-- Record set follows --

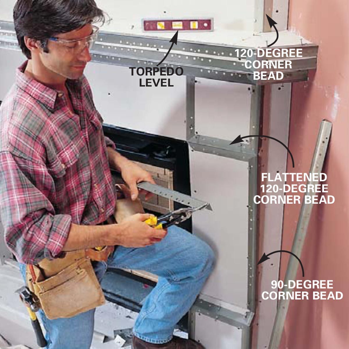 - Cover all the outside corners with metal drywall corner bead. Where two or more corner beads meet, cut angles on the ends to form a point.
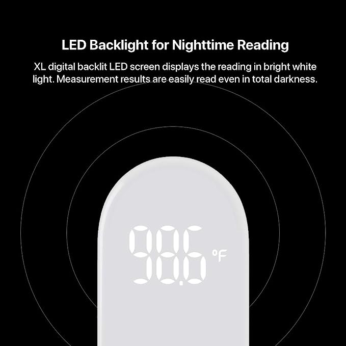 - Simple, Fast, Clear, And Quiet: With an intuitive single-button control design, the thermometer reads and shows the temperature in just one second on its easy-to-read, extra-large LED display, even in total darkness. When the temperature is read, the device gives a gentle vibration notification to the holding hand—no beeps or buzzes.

-- Record set concluded --
-- Record set follows --

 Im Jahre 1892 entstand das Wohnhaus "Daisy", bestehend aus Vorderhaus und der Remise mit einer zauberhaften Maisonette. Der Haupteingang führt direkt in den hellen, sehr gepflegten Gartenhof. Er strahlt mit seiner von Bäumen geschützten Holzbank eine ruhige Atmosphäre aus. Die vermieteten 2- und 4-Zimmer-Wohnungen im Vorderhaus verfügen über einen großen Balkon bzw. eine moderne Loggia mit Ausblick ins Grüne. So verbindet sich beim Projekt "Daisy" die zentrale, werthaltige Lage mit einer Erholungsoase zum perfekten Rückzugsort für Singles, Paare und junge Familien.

-- Record set concluded --

## Your goal
Having found the line with "- Cover all" and the line with "- Simple, Fast, Clear, And" in the material above, write out exactly those two and every line between, leaving the pictures out.

## Your solution
 - Cover all the outside corners with metal drywall corner bead. Where two or more corner beads meet, cut angles on the ends to form a point.
 - Simple, Fast, Clear, And Quiet: With an intuitive single-button control design, the thermometer reads and shows the temperature in just one second on its easy-to-read, extra-large LED display, even in total darkness. When the temperature is read, the device gives a gentle vibration notification to the holding hand—no beeps or buzzes.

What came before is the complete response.